**TASK DIRECTIONS**.
The exact lines of the listing, from its first through the line that contains "解压FFmpeg的压缩包,进", are to make up the answer, and pictures are to be left out.

**INFORMATION SUPPLIED**.
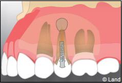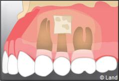Un biomatériau et une membrane destinée à la régénération osseuse guidée peuvent être mis en place dans la cavité ainsi dégagée.
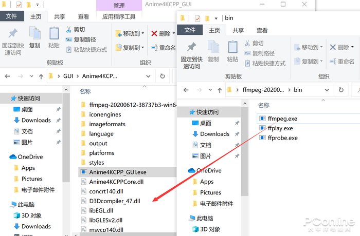 解压FFmpeg的压缩包,进入到其中的“bin”目录,找到“ffmpeg.exe”,将它复制到Anime4KCPP的根目录下即可。如果不做这一步,运行Anime4KCPP的时候可能会报错没有找到FFmpeg。
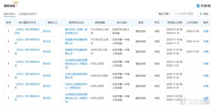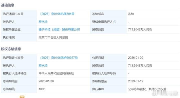 难道“真还传”要烂尾?罗永浩713万股权再遭冻结,背后真相如何?罗永浩再次因股权冻结重回舆论中心。2026年1月20日,罗永浩持有的锤子科技(成都)股份有限公司约713万元股权被北京市丰台区人民法院依法冻结,期限为三年。并非新增个人债务。此次冻结实质上是锤子科技作为法人主体的旧债纠纷所致,而非罗永浩个人新增债务。事实上,罗永浩已于2025年底基本清偿完毕个人担保债务,此前更累计偿还了含公司债务在内的8.24亿元。冻结诱因直指旧案。知情人士透露,此次动作源于郑刚旗下紫辉创投的一笔1500万元公对公借款纠纷。由于罗永浩持有该公司22.67%的股份且担任董事长,其股权成了法院保全资产的常规操作。这意味着在未来三年内,这部分股权不可转让或质押,但所有权并未丧失。法务余波难以速结。尽管罗永浩个人“讲义气”扛下了许多非法定责任,但锤子科技目前仍背负超2142万元的执行标的及多条限制高消费令。这表明创业留下的烂摊子即便在个人债务清零后,依然存在较长的司法“尾巴”。观察视角:股权冻结是法律对企业债务的常规保全,并不等同于“翻车”,但它提醒创业者,即便个人上岸,法人主体的历史遗留问题仍可能通过股权关联长期束缚个人资产的流动性。罗永浩所持锤子科技713万股权被冻结锤子科技714万股权被冻结罗永浩被冻结713万股权

**ANSWER TO THE PROBLEM**.
Un biomatériau et une membrane destinée à la régénération osseuse guidée peuvent être mis en place dans la cavité ainsi dégagée.
 解压FFmpeg的压缩包,进入到其中的“bin”目录,找到“ffmpeg.exe”,将它复制到Anime4KCPP的根目录下即可。如果不做这一步,运行Anime4KCPP的时候可能会报错没有找到FFmpeg。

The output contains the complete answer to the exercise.